« Chapitre 7 : Sang, sueur et larmes. »
Il faisait bien froid cette nuit la. Blottie sous ses couvertures, les yeux clos et une expression sereine peinte sur son visage délicat à la joue entaillée, la gryffondor dormait paisiblement. Mais qui l'aurait observée de plus près aurait constaté le léger tic nerveux qui agitait sa main droite dans un geste qui devait signifier « Va t'en ! » ou tout simplement ses sourcils en bataille froncés par une quelconque incompréhension. Tout d'un coup, elle se retourna, poussa un petit cri aigu a peine audible, ouvrit grand ses paupières, révélant des iris noisette qui trahissaient angoisse et effroi. Elle se saisit brusquement de sa baguette reposant jusqu'à présent sur la table basse, et, dans une grimace de douleur, bondit sur ses pieds.

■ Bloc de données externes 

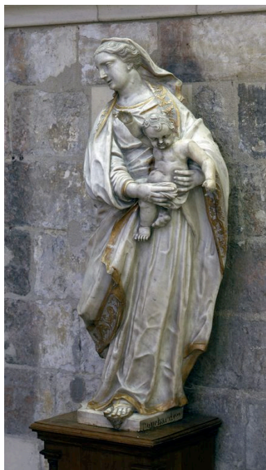
Vierge à l'Enfant : vue générale de trois-quarts droit. IVR22_20010202047XA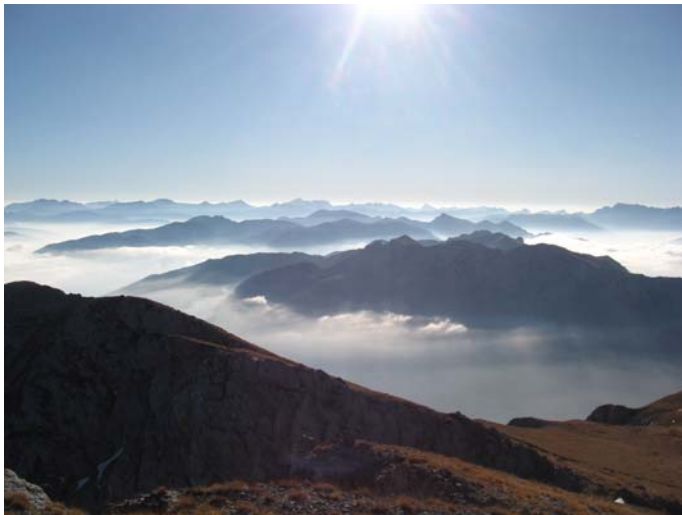
Поглед са Васојевићког Кома на исток

Када смо изашли са Штавне и започели успон ка врху Васојевића, а самим тим се његовом западном страном заклонили од ветра, угледали смо приказ који нас је пратио све до врха: на истоку, доккле поглед досеже, све је било прекривено густим облацима - једино су препознатљиви високи планински врхови били обасјани јутарњим сунцем; преко Штавне лете облаци али никако да досегну до Љубана – на западу нема ни облачка, све је кристално јасно – препознајемо Морачке планине, Сињајевину, Дурмитор, па чак на хоризонту и карактеристична пераја Витлова на Биочу.

Scrutant l'obscurité, la longue section de bois brandie au bout de son bras éraflé, elle fit un pas, puis deux vers l'avant, sur ses gardes. Soudain prise de panique, elle courut le plus vite que ses jambes mutilées le lui permettaient, et se rendit compte avec horreur qu'elle n'avait aucune idée d'où son professeur pouvait bien dormir.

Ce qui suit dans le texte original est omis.